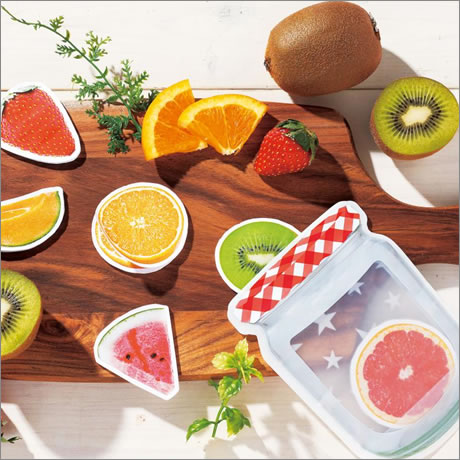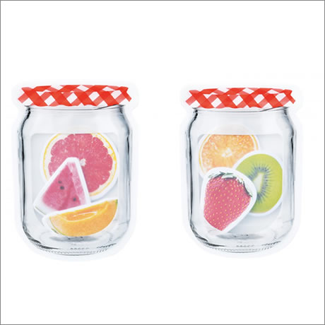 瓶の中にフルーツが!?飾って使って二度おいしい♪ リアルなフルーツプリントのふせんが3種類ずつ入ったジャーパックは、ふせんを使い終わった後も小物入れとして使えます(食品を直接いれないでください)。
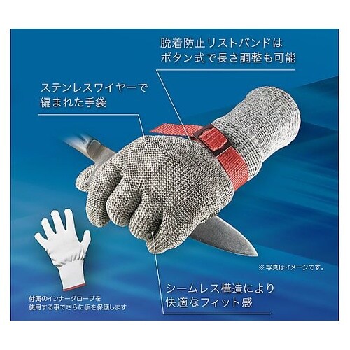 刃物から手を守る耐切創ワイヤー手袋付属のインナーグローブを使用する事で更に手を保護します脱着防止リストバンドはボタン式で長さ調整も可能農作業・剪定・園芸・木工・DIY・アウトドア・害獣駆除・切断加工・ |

==

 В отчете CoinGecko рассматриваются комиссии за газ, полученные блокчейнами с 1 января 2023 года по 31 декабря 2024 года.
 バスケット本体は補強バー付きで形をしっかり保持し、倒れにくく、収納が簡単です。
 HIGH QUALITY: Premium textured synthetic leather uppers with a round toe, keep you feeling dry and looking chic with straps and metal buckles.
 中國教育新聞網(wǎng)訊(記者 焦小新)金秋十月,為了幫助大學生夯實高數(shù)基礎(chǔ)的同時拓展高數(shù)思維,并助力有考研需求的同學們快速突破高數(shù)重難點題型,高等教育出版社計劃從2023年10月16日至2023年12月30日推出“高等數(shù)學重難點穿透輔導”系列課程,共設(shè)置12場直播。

◆ **What the exercise asks**
In the records above, find the line with "瓶の中にフルーツが!?飾って" and the line with "刃物から手を守る耐切創ワイヤ"; please transcribe exactly those two lines and all lines between them, omitting any picture.

◆ **Result below**
 瓶の中にフルーツが!?飾って使って二度おいしい♪ リアルなフルーツプリントのふせんが3種類ずつ入ったジャーパックは、ふせんを使い終わった後も小物入れとして使えます(食品を直接いれないでください)。
 刃物から手を守る耐切創ワイヤー手袋付属のインナーグローブを使用する事で更に手を保護します脱着防止リストバンドはボタン式で長さ調整も可能農作業・剪定・園芸・木工・DIY・アウトドア・害獣駆除・切断加工・ |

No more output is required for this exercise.